The Atlantic and literary parties:
That being said, not all fêtes are actually that fun: The author Alexander Chee explains how one scene in Charlotte Brontë’s Villette made him consider just how useful parties are for exploring a character’s anxieties and insecurities. (J. Clara Chan)
The Star (Malaysia) quotes from Charlotte Brontë:
The moral of the story is simple; if the investment promise sounds too good to be true, then it is very likely to be so. The 19th century novelist Charlotte Brontë once said: “Look twice before you leap.”  (Yap Ming Hui)
The quote is from Chapter IX in Shirley.

More virtual (Cleveland) theatre awards.
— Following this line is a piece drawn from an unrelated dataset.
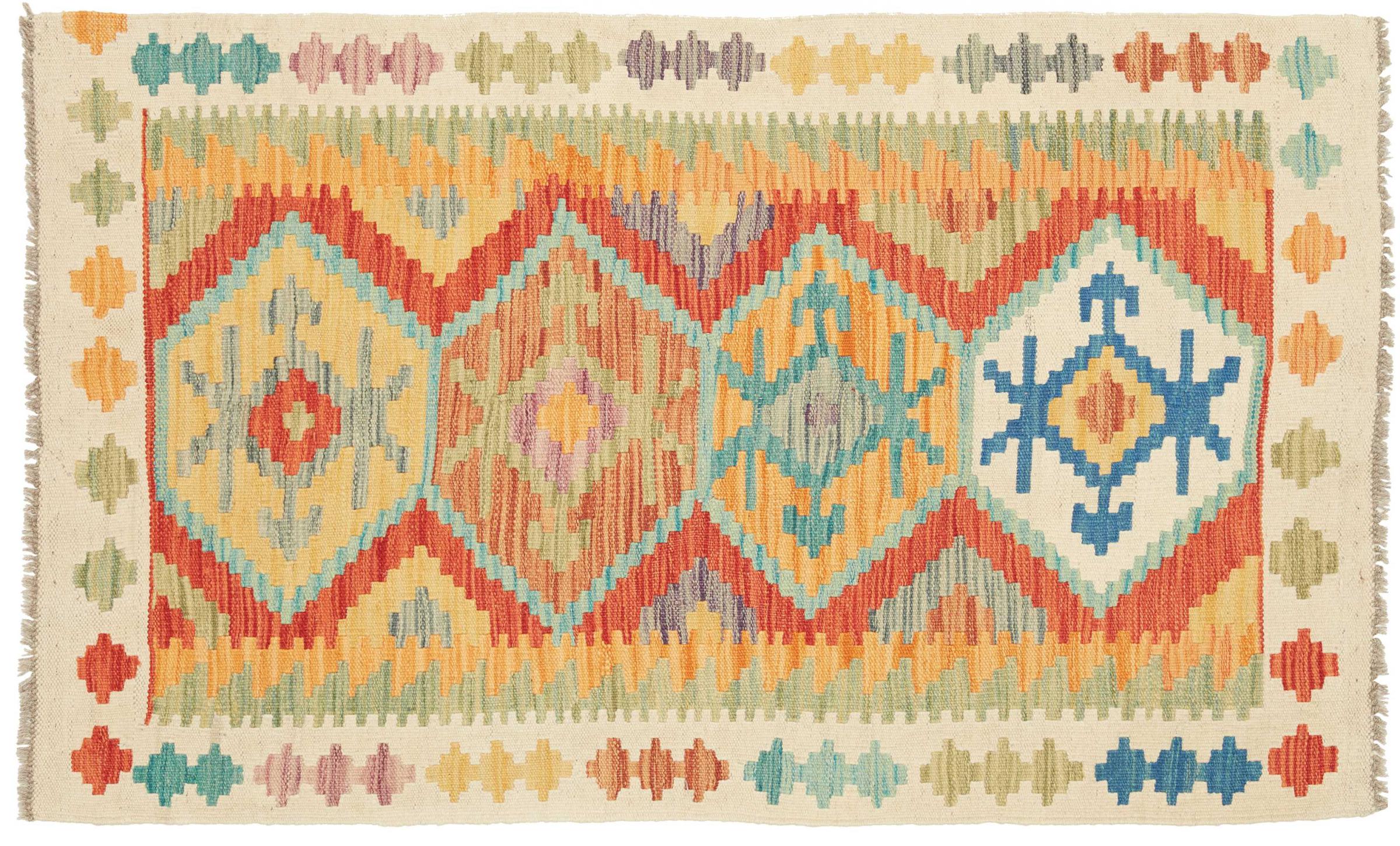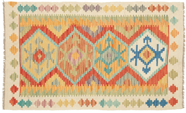 This handwoven Kilim Afghan is a wonderful and unique piece of art. Hard to believe that these modern colours and patterns have already been used centuries ago. This carpet has been woven by hand in old tradition in Afghanistan. It delivers a portion of contemporary history, which you won't find in this specific design a second time. It consists of high-grade natural wool and gives your home a personalised touch.

On Broadway World, the BWW-CLE Tributes:
Martin Céspedes for an outstanding season of choreographic excellence including his work on Jane Eyre @ Cleveland Music Theatre (...)
OUTSTANDING MUSICAL THEATER PRODUCTIONS: Jane Eyre @ Cleveland Musical Theatre (Roy Berko)
Bustle mourns the possible closure of HMV:
The first time I learned how to dance was when I saw Kate Bush's "Wuthering Heights" music video for the first time. I saw it on TV, recorded it and rewatched until the tape blew. "You know you can just get the CD?" I remember my dad saying, but not really knowing what it meant. That Christmas, he gave me the single, and when I asked him where he got it from, he took me to the store — HMV. There, I saw reems and reems of plastic coated discs, like the one I had held in my hand and treasured. (Emma Madden)
Books in 2018 in an article in The Guardian which mentions Jane Eyre indirectly:
"You brought it on yourself, longest friend. I informed you and informed you. I mean for the longest time ever since primary school I’ve been warning you to kill out that habit you insist on and that I now suspect you’re addicted to – that reading in public as you’re walking about.” Such behaviour, the speaker continues, is unnerving, disturbing, deviant, much to the bemusement of the errant flâneuse, who wonders why it’s acceptable for a terrorist to promenade with Semtex, but beyond the pale for her to do the same with Jane Eyre.
The characters are from Milkman, the novel by Anna Burns that scooped this year’s Man Booker prize and lobbed a rock into the literary millpond: a winner who included the local food bank in her book’s acknowledgements, who went on the news and announced she’d be declaring “one hell of a change in circumstances” to the Department for Work and Pensions, and who turned the recent history of the Troubles into a compelling narrative that spoke to repression and segregation everywhere. Her victory was, as one Guardian writer pointed out, a beacon of hope for those suffering from “shit life syndrome”. (Alex Clark)
This is really a perplexing commentary in El Mundo (Spain):
Algo parecido les sucedió a las hermanas Brontë, autoras de libros cuyos títulos causaban retortijones. Cumbres borrascosas es el ejemplo por excelencia. Lees ese título y ya no pegas ojo en toda la noche. A su manera, las hermanas Brontë eran capaces de poner los pelos de punta con sus libros: historias de mujeres atormentadas y de niños infelices, maltratados por sus padres y maestros. (Carmen Rigalt) (Translation)
Erm... Jane Eyre, Villette, Agnes Grey, Shirley... what's scary about those titles?

Ctxt (Spain) reviews How to Suppress Women's Literature by Joanne Russ:
Cumbres Borrascosas fue definida como una novela sobre el mal hasta que Emily Brönte (sic) admitió su autoría; entonces, se convirtió en una historia de amor. (Nerea Balinot) (Translation) 
Clepsidra Timpuliu (in Romanian) posts about Wuthering Heights. Philip Hamlyn Williams posts about William Smith William's family and his personal connection to it.